Carla smiled as she printed my receipt—two packs of Newports, a Slim Jim, and sixty dollars on pump eight. After I had paid, I went and lit up on the curb, hiding from the rain beneath an awning. Car was full, and my jacket was thin, but I didn't want to keep driving. I just wanted to sit out in the cold and smoke. 

I did a lot of smoking. When I first saw them, I had been lying on the softball field, high off my rocker. I thought it had been a hallucination, which had happened before, but it was real. The cops didn't believe me, but it was real. I was just the only one who could see them. That didn't make it any less real. 

Parents made me see a therapist after that. Therapist thought I had a problem—what a load of bullshit. I still wonder about him. My high school therapist. His job must have been hard. He must've hated looking at kids and thinking they were just starting up on that slow trajectory to madness. He was probably already feeling it burning in the back of his mind.

And I was thinking about the therapist and about Carla, a girl whose story I had already made up in my head. And I was thinking they might never show up for her. Or maybe the cold would be enough to keep them at bay. Or maybe nothing would ever be enough.

And that’s when I saw them, because they came. They always came.

Two of them, circling in the sky like stars. They shined about half as bright, but the light was a vibrant red, so you knew they were there. You knew they weren't just stars. They seemed to orbit each other with some gravity that was different from the known. The whole scene—the lights, the rain, the orbit—seemed special. 

Fuckers.

Part of me wanted to just start driving, but it was better to wait it out. They got angry when I didn't stay to watch, and last time they’d been angry, I’d had to replace Rusty’s whole engine. 

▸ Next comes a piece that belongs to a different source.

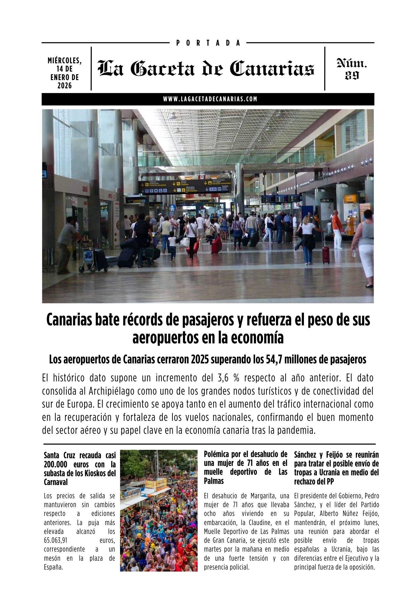 Ya está disponible la portada de La Gaceta de Canarias para este miércoles, 14 de enero de 2026.

I lit another smoke, this time from the safety of my truck, and watched quietly as they circled closer to each other, falling nearer and nearer to the ground. I had theorized once—back in my theory days—that they needed a partner to perform the lift. After all, people weighed a lot. Less after the arrival, but still a lot. I figured maybe the extra weight and the force of gravity was too much for one of them to handle alone.

The whole thing took maybe twenty minutes, which seemed like a long time. For them, time passed differently. For them, it must’ve only been a couple passing instances. 

They collided in sparks above the dim parking lot, and the world raged in a sudden pound of wind. Rain shrieked through the air, striking against Rusty’s ruby body with intentional violence. From across the concrete, Carla emerged from the station, fearfully clutching her coat in the storm. And she looked right at me, crying out the way they always did. And I didn't say anything, just watched her face contort in pain from the heated cab of my truck.

And then she was gone. Inhale, exhale. They took her particles with them, but her smell hung amplified in the air long after they had vanished. The smoke made the smell go away, so I lit another Newport, and another. And another. 

Rusty’s radio was playing this shitty song about love, and I thought I would never love because I was toxic and she would never love because she had disappeared. 

When her smell had dispersed, I went back into the gas station and yanked the keys from behind the register. She was smart not to bring them. Smart for me; sometimes, the responsible type would bring the key with them, and I would have to pick the lock.  

In the control room, I took the fire hatchet to the monitor system. Smoke poured. Alarms wailed. Cameras all defaulted to black as Ol’ Rusty and I wheezed down the road. 

Maybe she’ll wake up in a field tomorrow. Maybe she’ll be okay. Maybe they’ll come for her every month. Maybe they’ll never come for her.

Maybe there will be no one to come for.

It was best not to think about this. This, most viable explanation. 

The following month, there was a new cashier at the register. He grinned as I walked in, telling me about all the new deals they had. Hot dog and drink combo, only two bucks. As he took my cash—nothing traceable—I looked up to see Carla’s name removed from the staff registry. 

“Can I get two, actually?” He replied with a ‘sure thing,’ and added another combo to my bill. It seemed like the least I could do. 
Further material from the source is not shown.